Your objective
If an entry holds a picture, leave that picture out. Give everything else again exactly.

Entries provided
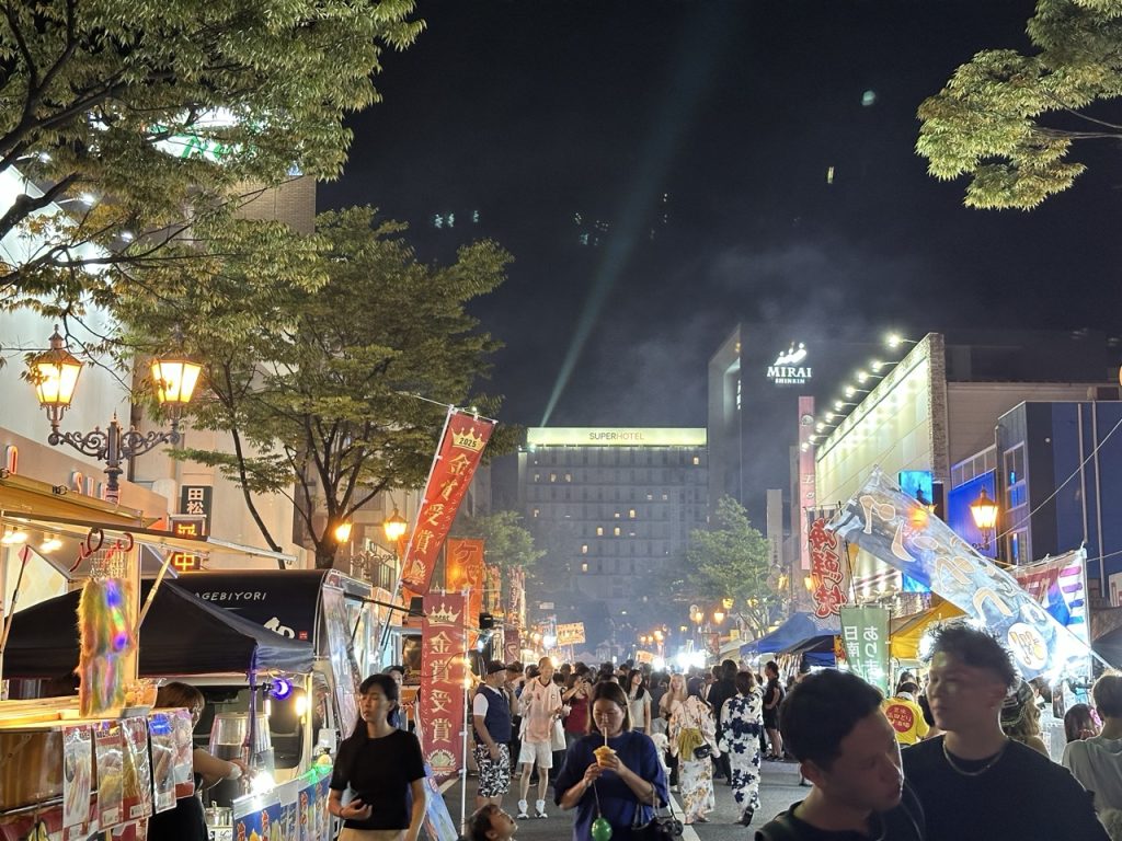 別府車站前通,正逢別府火之海祭納涼花火大會,街道上充滿人潮與攤販。(圖右,簡立喆提供)
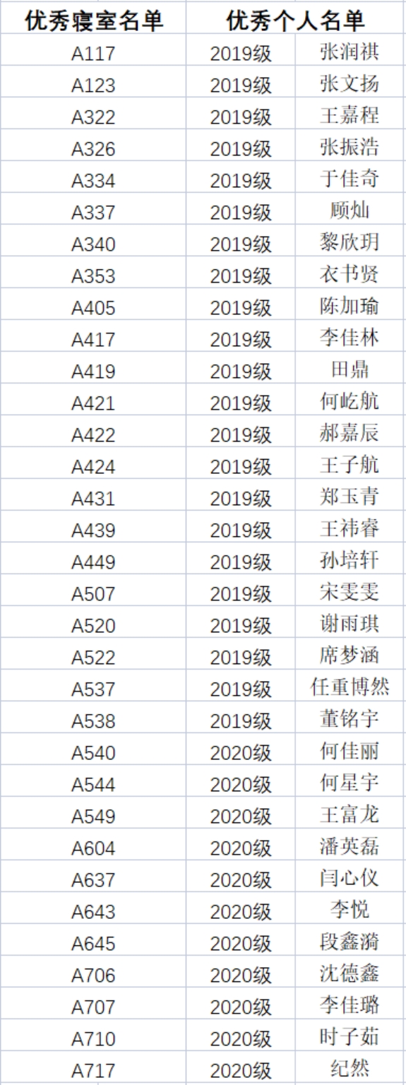 积极响应“讲卫生,抗疫情”的倡议,有效有序组织寝室卫生建设,在五个评比项目中表现突出。
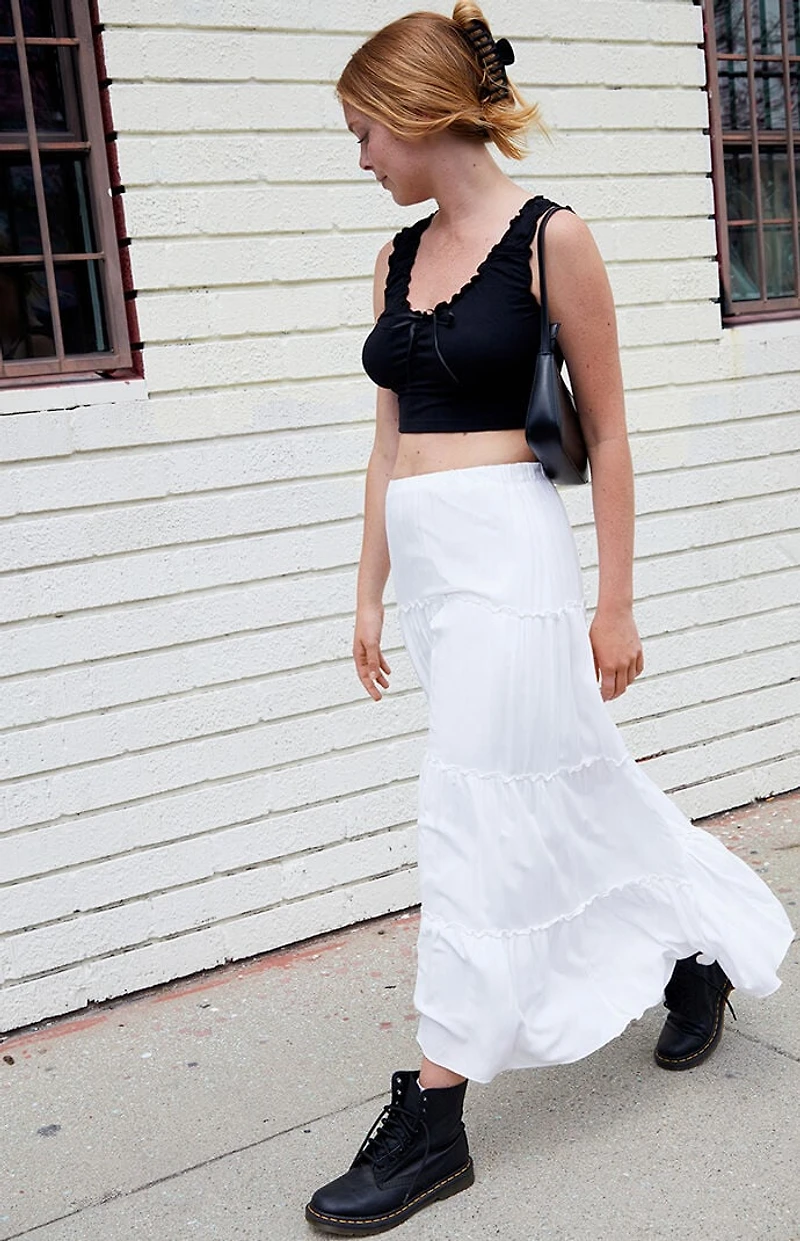 John Galt has got you covered for the warm weather with their new Black Blaire Tank Top. Made from a stretchy crinkle fabric, this tank is complete with a tie front detail, wide fixed straps, and a cropped fit.
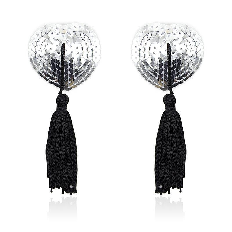 LATETOBED BDSM LINE Self-Adhesive Heart Sequin Nipple Cover with Tassel by LATETOBED is designed for lovers of intense and darker pleasures. The heart shape creates a flirty yet provocative look that instantly draws attention. Its self-adhesive design makes application simple and practical while helping the covers stay in place with minimal effort. The silver sequin-covered surface catches the light beautifully, creating a luxurious shimmering effect with every movement. The hanging black tassels add playful motion, seductive energy, and a distinctly erotic touch that stands out during dancing, foreplay, or daring photoshoots. The one-size design makes this accessory easy to choose and easy to enjoy as a striking addition to a seductive wardrobe.
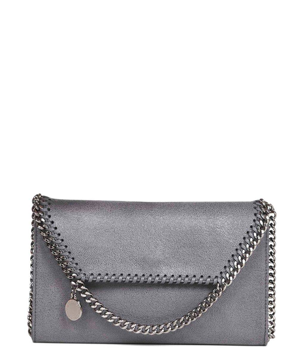 grey chain trim charm detail shoulder chain strap rectangular body Falabella wallet on chain
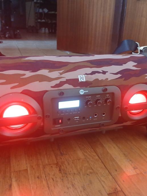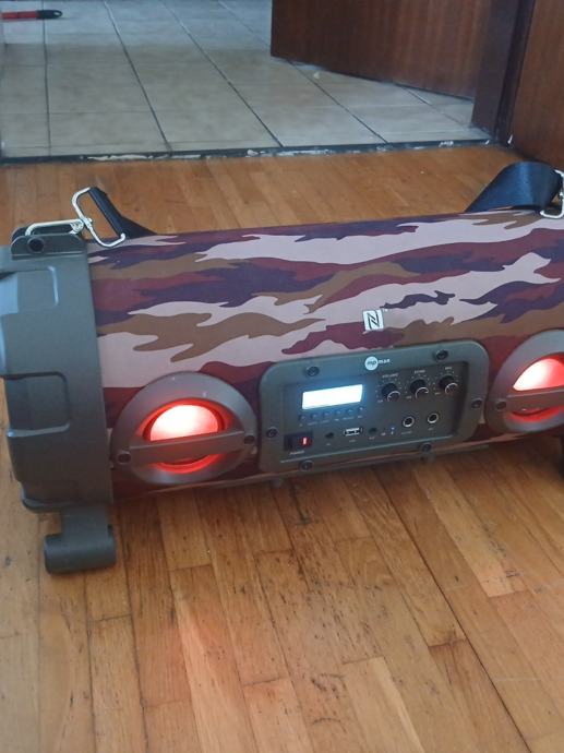 Prijenosni bloutooth zvucnik prodajem za 30 eura. Ima bloutooth, usb, aux, radio, ulaz za gitaru I mikrofon, osvjetljenje u ritmu muzike 097 759 5554
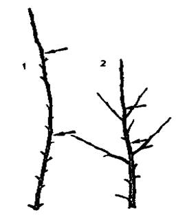 1 – трехлетняя ветвь без укорачивания; 2 – трехлетняя ветвь, у которой укорачивали годовой прирост.
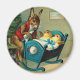 Placa de saudação de Páscoa com um coelho balançando um suporte e dois pintinhos no suporte.
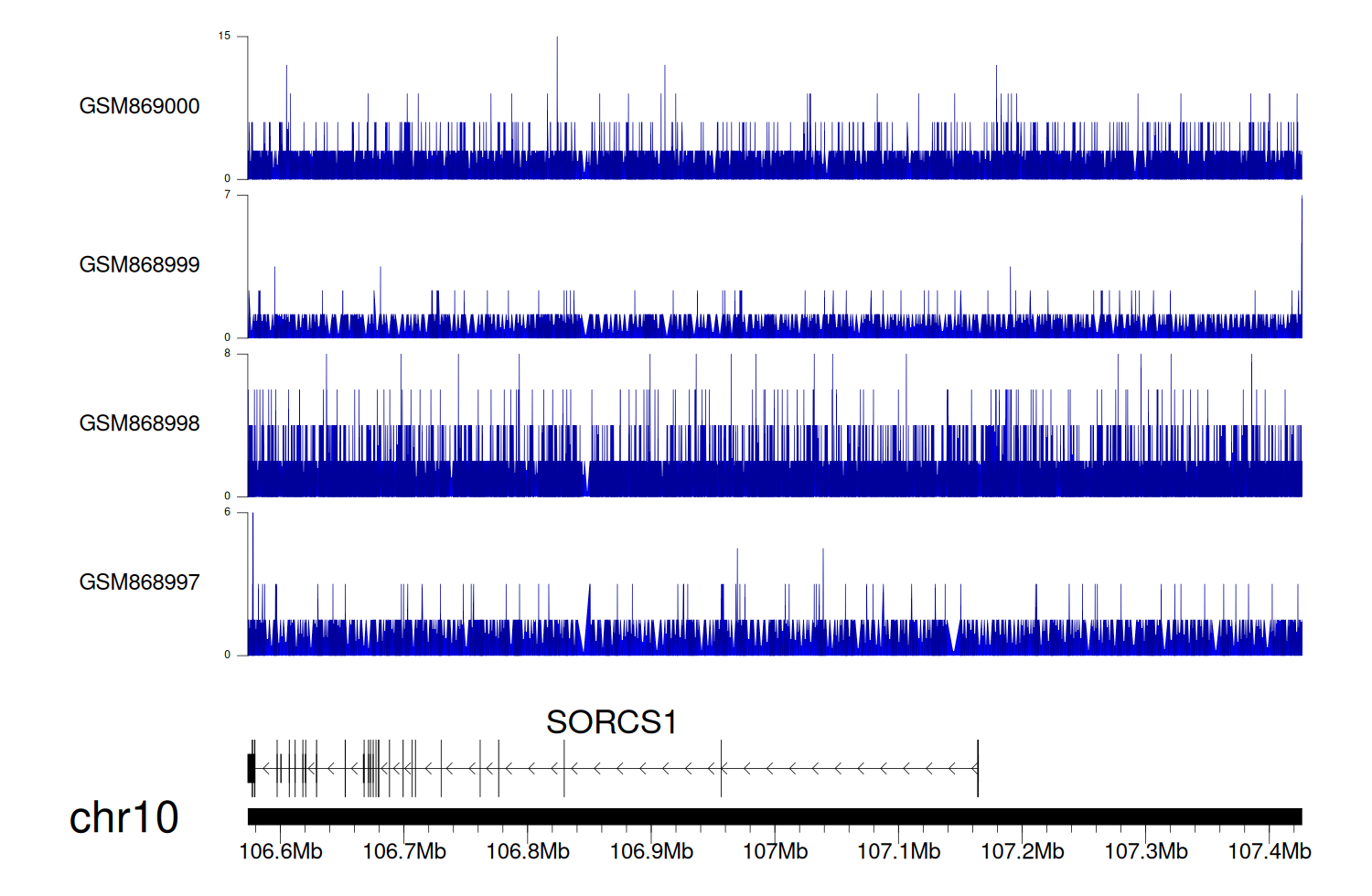 > Dataset: GSE68402 - SORCS1 peak across samples
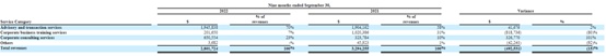 业务结构方面,2022年前三季度,该公司企业业务培训、企业咨询以及咨询和交易服务分别占公司业务的约7%、23%和70%。
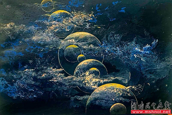 此次展出的《叩问苍穹》系列,以写意宇宙的恢弘图境致敬人类探索精神;《超意识主义图腾》则通过强烈的情绪表达,成为映照全球问题的精神镜像,实现“雅者品其神,俗者赏其形”的艺术境界。
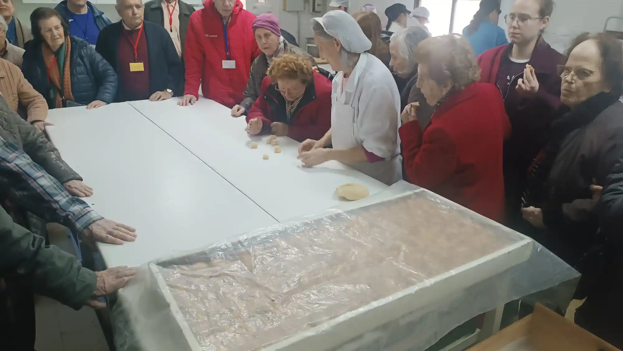 Durante la visita, los residentes pudieron observar cómo se elabora el mazapán de forma artesanal, siguiendo métodos tradicionales que se han transmitido de generación en generación. Ver el proceso de primera mano despertó la curiosidad de los participantes y dio lugar a numerosas conversaciones y recuerdos relacionados con la cocina, las fiestas y las celebraciones familiares.
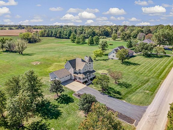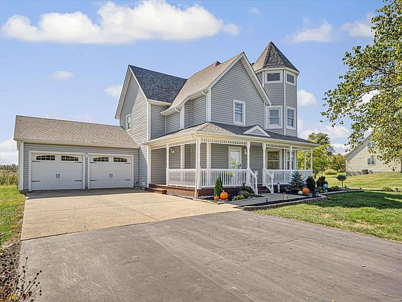 Like the country life yet only minutes from town? This unique 2.5 story property sits on 2.7 acres on a private st & so inviting w/ new landscaping & the huge wraparound porch with composite decking. Main floor has the living room w/ a fireplace with wood/marble mantle, dining room, half bath, main floor laundry & kitchen. Also walks out to a relaxing maintenance free patio. The kitchen has been completely remodeled w/ new cabinets, quartz countertop, SS appliances & new lighting. Upstairs are 3 bedrooms, full hall bath & primary bedroom suite incl primary bath. And then the fun floor...take the iron spiral stairs to a 3rd level landing w/ views for miles! Lower level boasts a family room w/ another fireplace, bedroom & full bath that walks out to a concrete patio. There's fruit trees, vegetable garden & a workshop/storage shed in the back yard even though the garage is oversized! Updates include: Lighting, bathrooms, interior doors, wood window treatments and new windows to be in Nov.
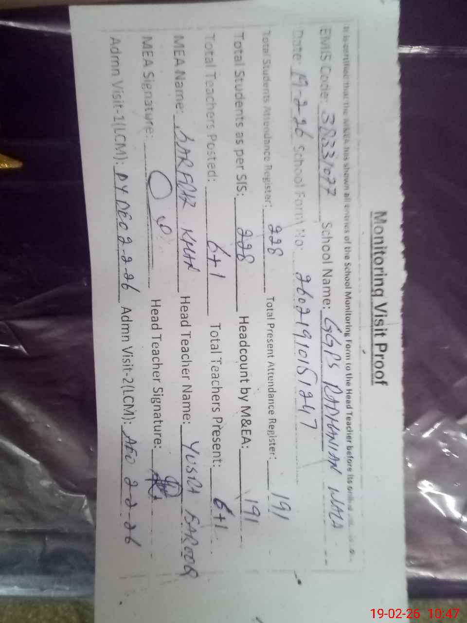 | Attendance Register | Head Teacher | MEA with School | Visit Proof |
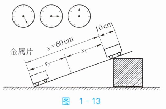 。如图1-13所示,秒表每格为1 s,则小车通过全程的平均速度是0.12
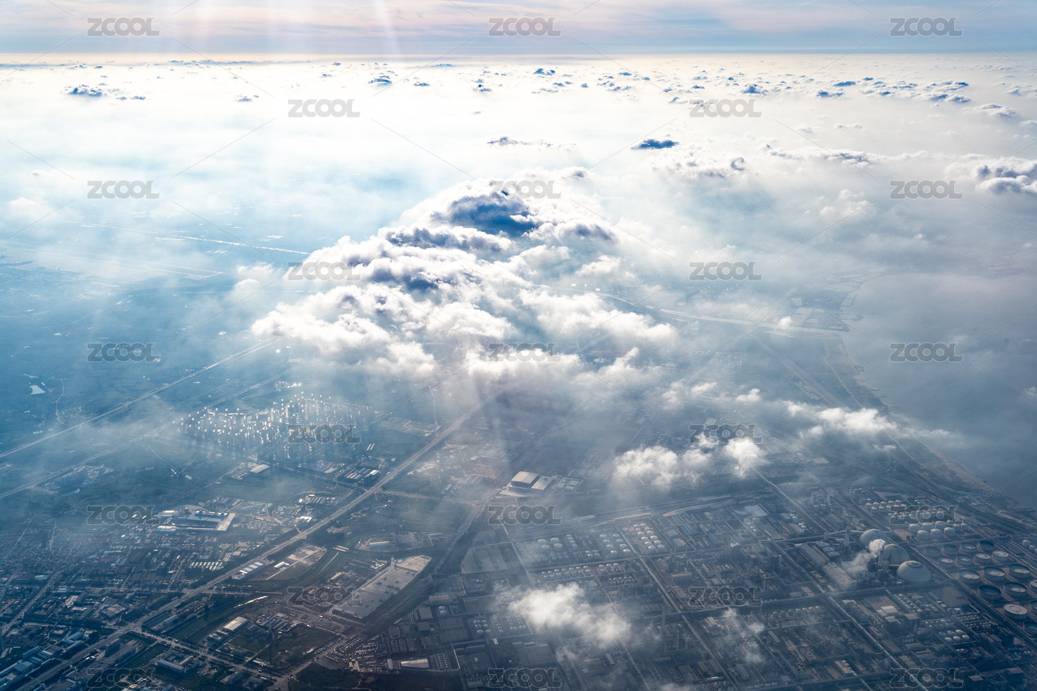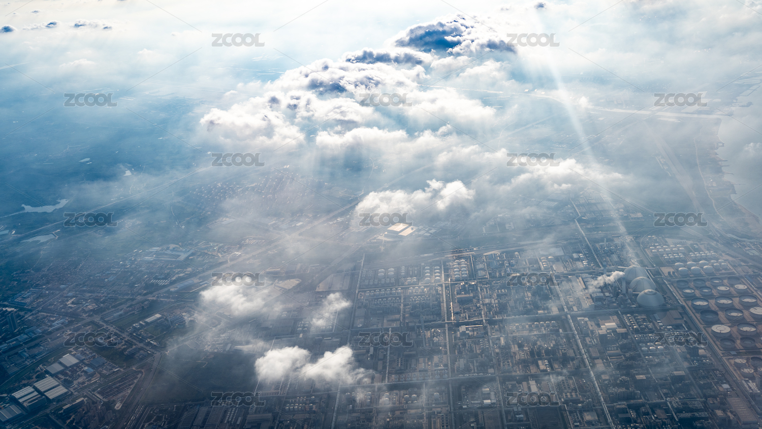 航拍云朵下的炼油化工厂景观
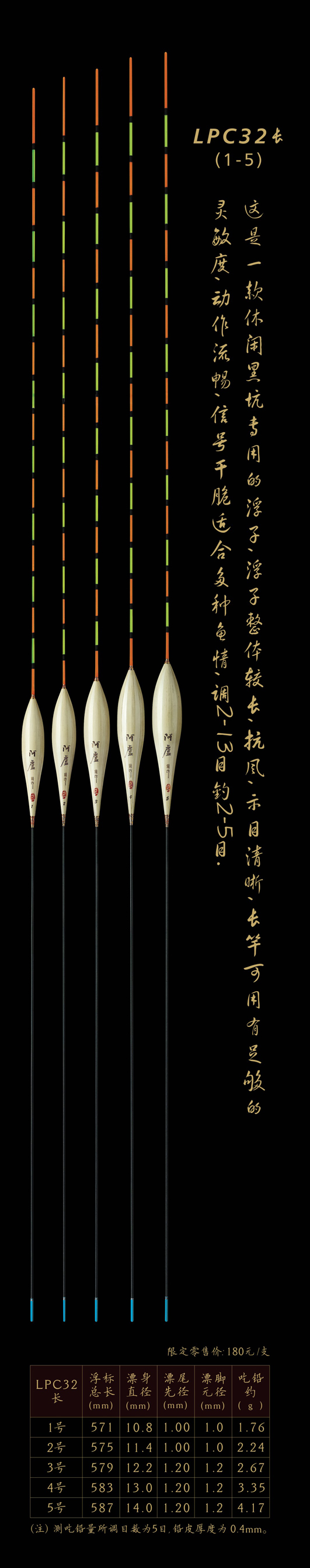 LPC32長(zhǎng):是一款休閑黑坑專用的浮子,浮子整體較長(zhǎng),抗風(fēng),示目清晰,長(zhǎng)竿可用有足夠的靈敏度,動(dòng)作流暢,信號(hào)干脆適合多種魚(yú)情,調(diào)2—13目,釣2-5目。

Completed task
 別府車站前通,正逢別府火之海祭納涼花火大會,街道上充滿人潮與攤販。(圖右,簡立喆提供)
 积极响应“讲卫生,抗疫情”的倡议,有效有序组织寝室卫生建设,在五个评比项目中表现突出。
 John Galt has got you covered for the warm weather with their new Black Blaire Tank Top. Made from a stretchy crinkle fabric, this tank is complete with a tie front detail, wide fixed straps, and a cropped fit.
 LATETOBED BDSM LINE Self-Adhesive Heart Sequin Nipple Cover with Tassel by LATETOBED is designed for lovers of intense and darker pleasures. The heart shape creates a flirty yet provocative look that instantly draws attention. Its self-adhesive design makes application simple and practical while helping the covers stay in place with minimal effort. The silver sequin-covered surface catches the light beautifully, creating a luxurious shimmering effect with every movement. The hanging black tassels add playful motion, seductive energy, and a distinctly erotic touch that stands out during dancing, foreplay, or daring photoshoots. The one-size design makes this accessory easy to choose and easy to enjoy as a striking addition to a seductive wardrobe.
 grey chain trim charm detail shoulder chain strap rectangular body Falabella wallet on chain
 Prijenosni bloutooth zvucnik prodajem za 30 eura. Ima bloutooth, usb, aux, radio, ulaz za gitaru I mikrofon, osvjetljenje u ritmu muzike 097 759 5554
 1 – трехлетняя ветвь без укорачивания; 2 – трехлетняя ветвь, у которой укорачивали годовой прирост.
 Placa de saudação de Páscoa com um coelho balançando um suporte e dois pintinhos no suporte.
 > Dataset: GSE68402 - SORCS1 peak across samples
 业务结构方面,2022年前三季度,该公司企业业务培训、企业咨询以及咨询和交易服务分别占公司业务的约7%、23%和70%。
 此次展出的《叩问苍穹》系列,以写意宇宙的恢弘图境致敬人类探索精神;《超意识主义图腾》则通过强烈的情绪表达,成为映照全球问题的精神镜像,实现“雅者品其神,俗者赏其形”的艺术境界。
 Durante la visita, los residentes pudieron observar cómo se elabora el mazapán de forma artesanal, siguiendo métodos tradicionales que se han transmitido de generación en generación. Ver el proceso de primera mano despertó la curiosidad de los participantes y dio lugar a numerosas conversaciones y recuerdos relacionados con la cocina, las fiestas y las celebraciones familiares.
 Like the country life yet only minutes from town? This unique 2.5 story property sits on 2.7 acres on a private st & so inviting w/ new landscaping & the huge wraparound porch with composite decking. Main floor has the living room w/ a fireplace with wood/marble mantle, dining room, half bath, main floor laundry & kitchen. Also walks out to a relaxing maintenance free patio. The kitchen has been completely remodeled w/ new cabinets, quartz countertop, SS appliances & new lighting. Upstairs are 3 bedrooms, full hall bath & primary bedroom suite incl primary bath. And then the fun floor...take the iron spiral stairs to a 3rd level landing w/ views for miles! Lower level boasts a family room w/ another fireplace, bedroom & full bath that walks out to a concrete patio. There's fruit trees, vegetable garden & a workshop/storage shed in the back yard even though the garage is oversized! Updates include: Lighting, bathrooms, interior doors, wood window treatments and new windows to be in Nov.
 | Attendance Register | Head Teacher | MEA with School | Visit Proof |
 。如图1-13所示,秒表每格为1 s,则小车通过全程的平均速度是0.12
 航拍云朵下的炼油化工厂景观
 LPC32長(zhǎng):是一款休閑黑坑專用的浮子,浮子整體較長(zhǎng),抗風(fēng),示目清晰,長(zhǎng)竿可用有足夠的靈敏度,動(dòng)作流暢,信號(hào)干脆適合多種魚(yú)情,調(diào)2—13目,釣2-5目。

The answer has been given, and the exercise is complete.